March 12th, 2005 · 2 Comments

Today I was given a surprise line check by one of our company check-airmen. It shouldn’t have come as a surprise, as they’re supposed to occur yearly. This one was, however. I was originally supposed to have the line check a few weeks ago, but I ended up missing the first part of the trip due to the family emergency we had.

The training department normally gives you a couple of days advanced-notice with this sort of thing, but today during our forty-minute turn in Denver before our trip to Minneapolis and back, I was greeted by the checkairman.

“I’ll be giving you your line-check today.” he said.

“Really?”

Typically, a line-check isn’t a big issue. Today wasn’t all that different from the last five I’ve had. I had some small issues, like operating into and out of an airport that I was very unfamiliar with, I found out that I didn’t have a 10-9 chart (a diagram of taxiways and runways) for MSP airport, and an unfamiliar and quite unconventional de-icing process. We got run out of there by an impatient tower controller during our takeoff run. At about 100′, we almost had an “encounter” with several Canada geese.

I guess I passed, as there was very little he seemed ready to critique me on. In fact, he critiqued my first officer more than he did me. At any rate, I get to keep my job for another few months.

*****

Last Friday, I finally got the call from our training department asking me to become a line check-airman.

Wonderful.

I’ve been working my rear-end off for four-and-a-half years trying to get into that program. I’ve made more phone-calls, written more letters-of-intent, and submitted more resumes than I care to remember. I’ve asked chief pilots, sim instructors, and line-check airmen to recommend me. I’ve studied hard before every proficiency-check, ground-school, written and oral exam so that I might be able to impress upon someone my level of knowledge and professionalism. I’ve also watched many less-experienced and less-senior (though not necessarily less-capable) individuals advance into the ranks of the training department.

I wanted to say, “Sure! I’d be glad to become a check-airman!”

I chose, however, to be very honest. I told them that, though I’d love to do the job and that I think I’d be good at it, I do have a ground school coming up at Southwest Airlines within the next six months.

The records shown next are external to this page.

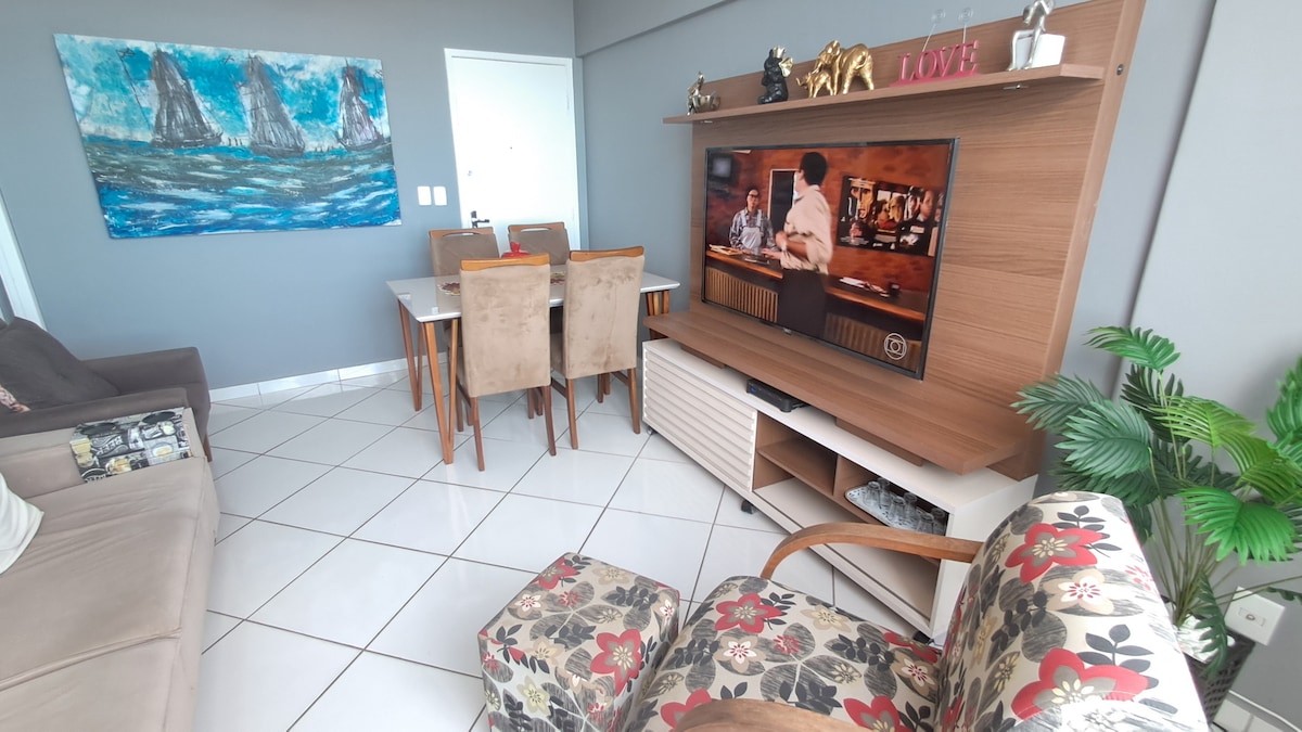 Apartamento aconchegante de 60 m2, com 1 Q, 1 WC, Sala/Cozinha e Varanda com ótima vista, 5º andar, ótima localização para turismo ou negócios. Próximo a ótimas praias, ciclovia na orla, shopping center e área de negócios. Conta com roupas de cama, banho, utensílios de cozinha, talheres, fogão/forno, microondas, sanduicheira, liquidificador, produtos de limpeza e higienização... O prédio dispõe garagem coberta e área de lazer na cobertura com academia, sauna e piscina.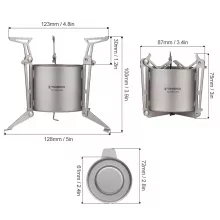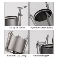 Constructed from durable titanium, this stove delivers excellent heat efficiency while being corrosion-resistant and ultra-light at just 2.5 oz. With smart design features like tiny holes on top for optimized fuel use, and foldable legs and pot supports for compact storage, this alcohol burner is built for convenience and efficiency. It even includes a lid that doubles as a fire cover, allowing you to extinguish the flame safely and quickly.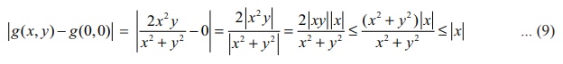 இங்கு கடைசி வரியில் நாம் 2 |xy| ≤ x2 + y2 என்பதை அனைத்து x, y ∈ℝ எனப் பயன்படுத்தியுள்ளதைக் கவனிக்க. (இது 0 ≤ (x - y)2 -இலிருந்து கிடைப்பது) (x,y) → (0,0) என்பதால் |x| → 0 எனக் கிடைக்கின்றது. சமன்பாடு (9)-லிருந்து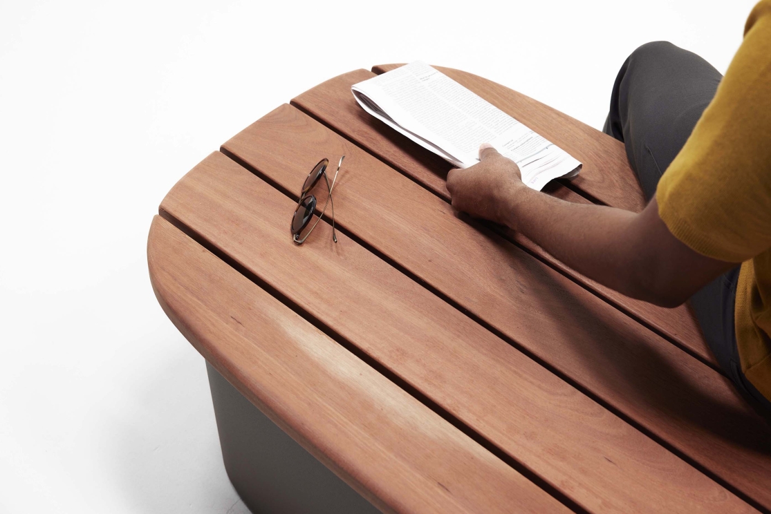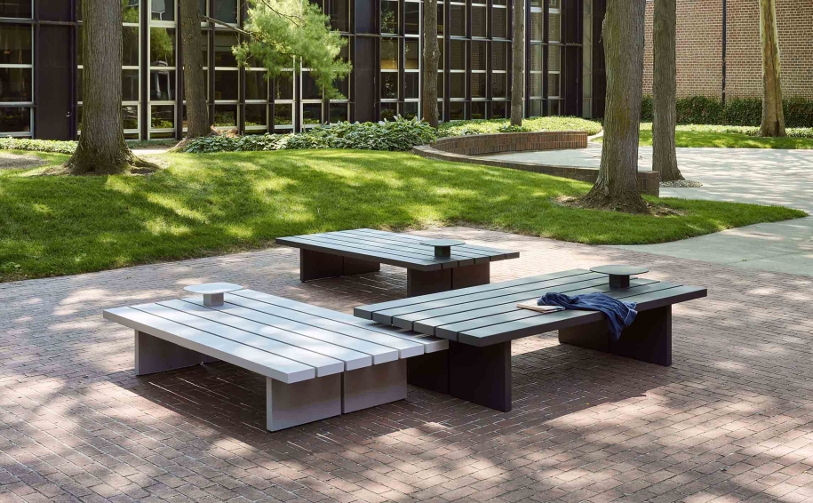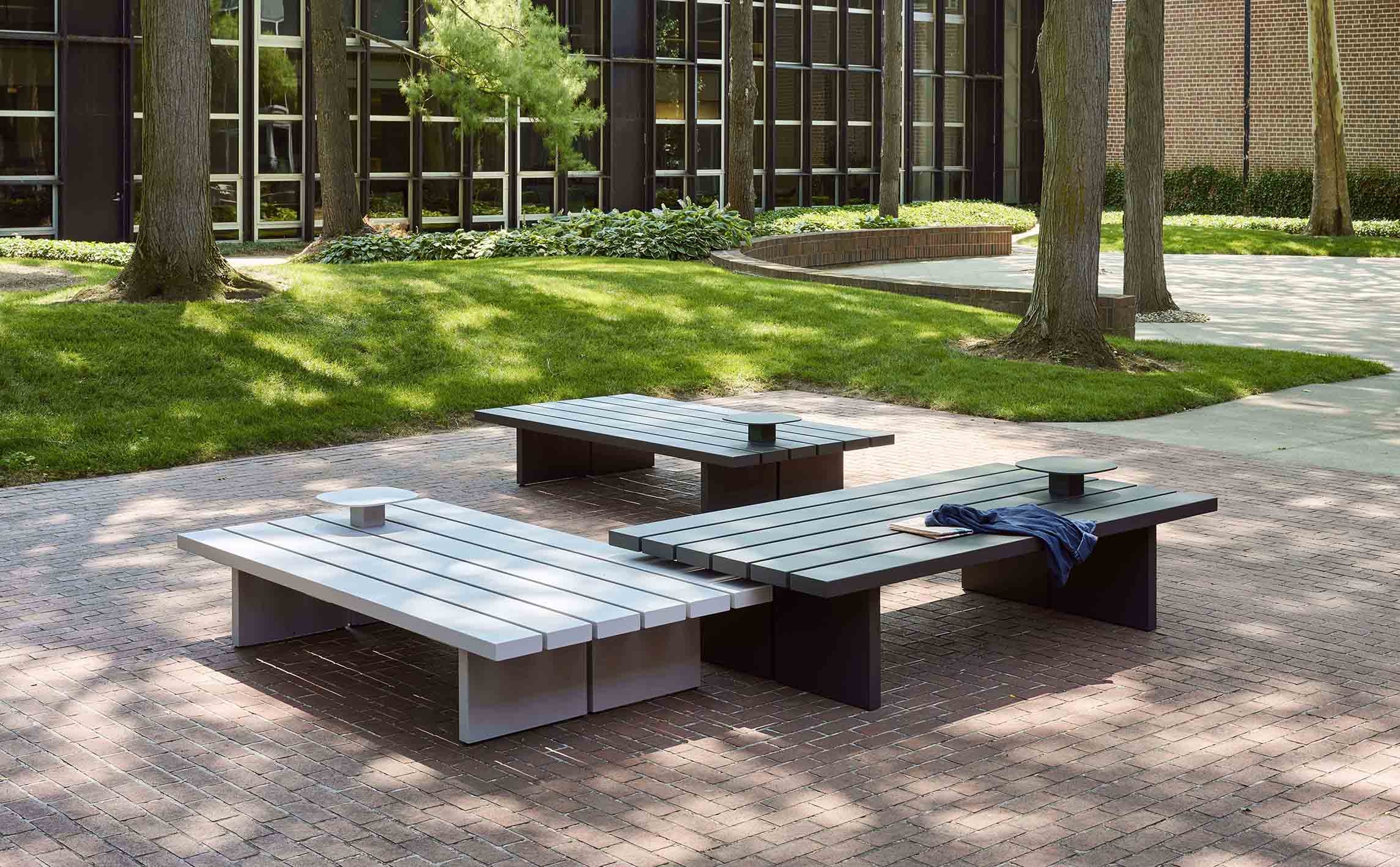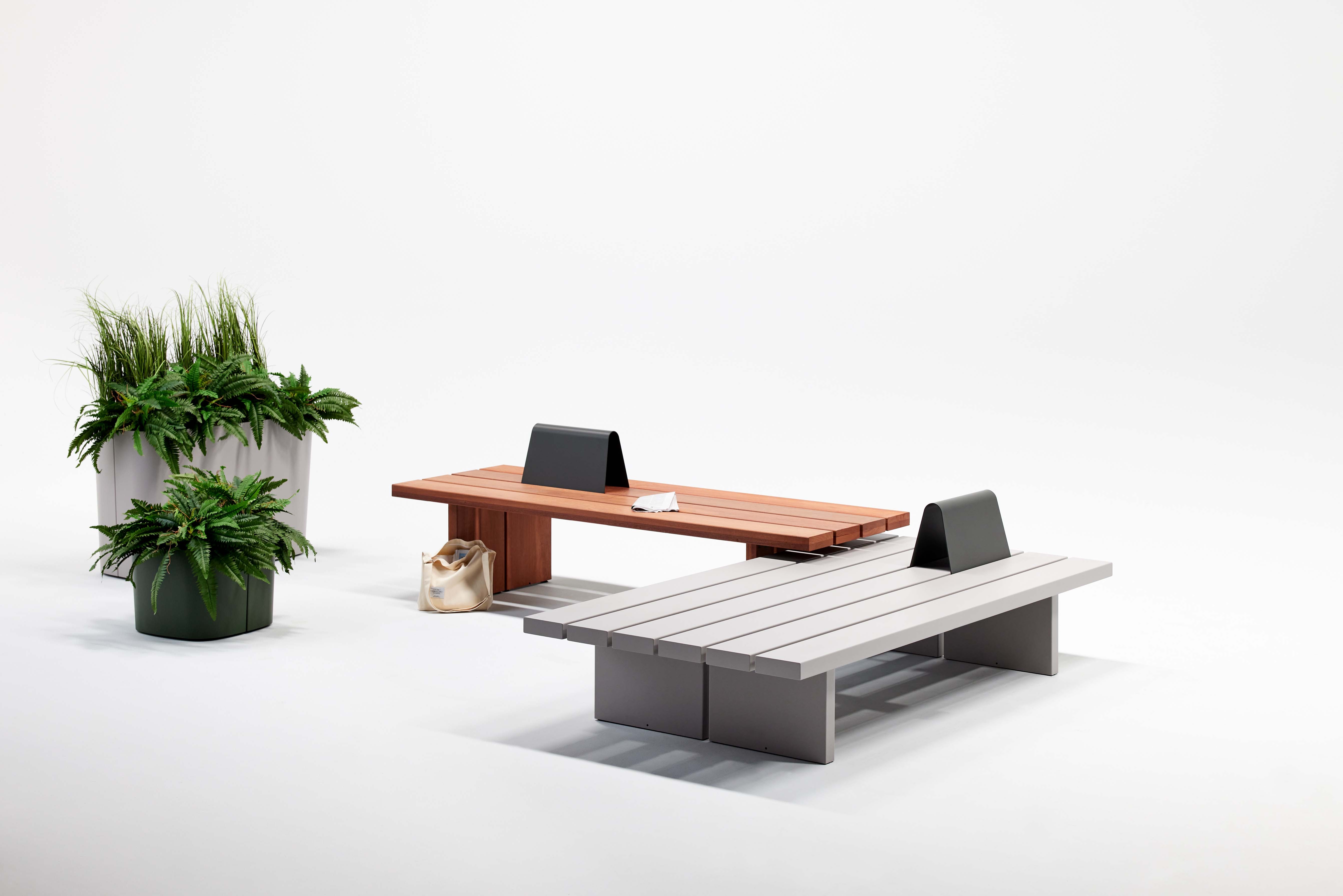 Plains are large-format beams and platforms that vary in height and width to create multifaceted settings that speak to their users’ individuality. Activities that might feel counterintuitive on a ‘conventional’ bench feel natural on Plains. Optional metal backs and attaching side tables lend installations additional degrees of detail and specificity.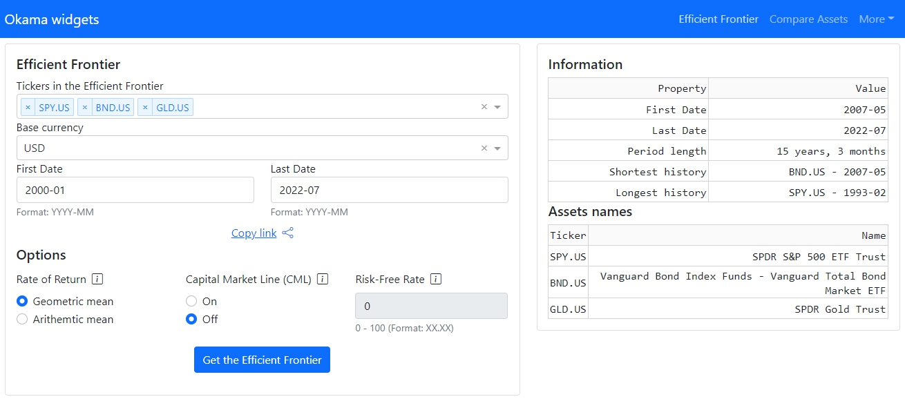 okama is a library with investment portfolio analyzing & optimization tools. CFA recommendations are used in quantitative finance.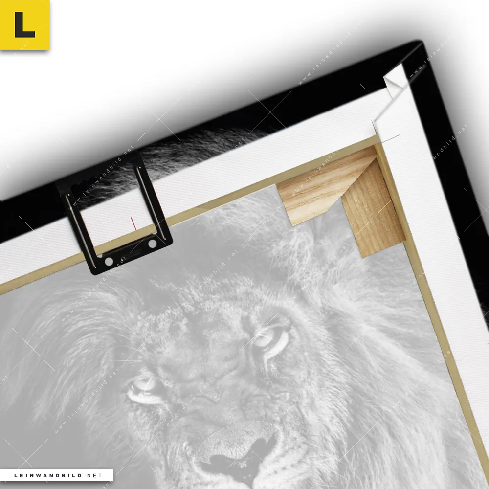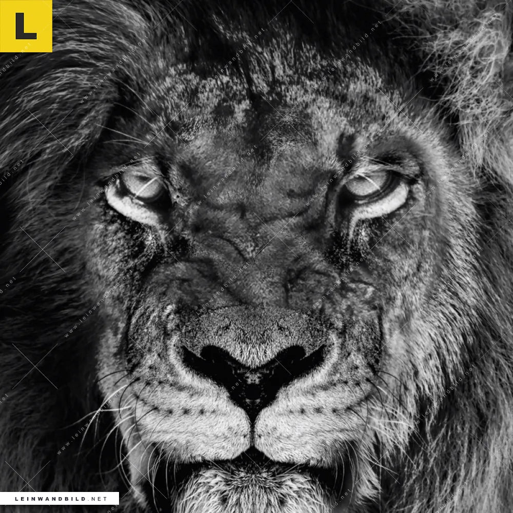 Du konfigurierst Dein individuelles Leinwandbild | Löwe Schwarzweiß | Quadrat und wir produzieren es NEU für Dich. Unsere Tierwelt Leinwände sind KEINE Lagerware. Du bist Dir unsicher, welches Motiv oder Format das richtige für dein individuelles Keilrahmenbild ist, dann helfen wir dir gerne weiter und beraten dich!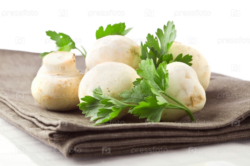 Грибы с петрушкой на салфетке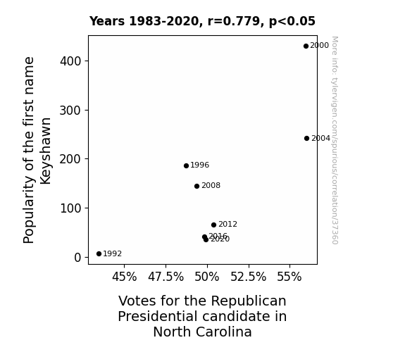 This means 60.6% of the change in the one variable (i.e., Votes for the Republican Presidential candidate in North Carolina) is predictable based on the change in the other (i.e., Popularity of the first name Keyshawn) over the 8 years from 1983 through 2020.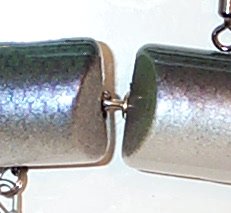 Put your wire through rhw plug, measure 3/8" from body and mark with a sharpie, cut the tag end so that is it is the same length as the tag end in the preformed loop.... the mark will be the center of the loop, I like to preform the loop first then squeeze it shut, but ONLY ENOUGH TO PASS IT THROUGH THE SWIVEL,the wire must be of an anealed nature ot it will break when you try to open it back up. now insert the wire into the plug, the double wire goes through a #1 swivel with no problem, I also like to use a small washer at the joint ( again see the plug I made) now go to a block of wood, using an awl, push it into the wire to spread the joint, I then place it onto a block of wood and hit =the awl with a hammer to start the process, I then move it to another section on the block that I have drilled out(3/16") and drive the awl in as far as needed to form a neat loop... by using an awl, the taper make the process eaiser and alows tyou to make the lopp as large as small as you want... I'm actualy working on several jointed plugs now, I'll take soem photos tonight and post the process of how I do it... |

The nice lady didn’t seem very pleased.

“Well, I suppose you think you’re leaving for bigger and better things,” she said.

As a matter of fact…

*****

After writing the above, I realized that I don’t sound quite as grateful as I should sound. SkyWest has given me lots of opportunity to advance my career and I’m definitely glad I made the choice to leave the airline I was with prior to SkyWest. The last five-and-a-half years with SkyWest have been most excellent. But yeah. It is time for me to move on to bigger and better things.

It just can’t come fast enough.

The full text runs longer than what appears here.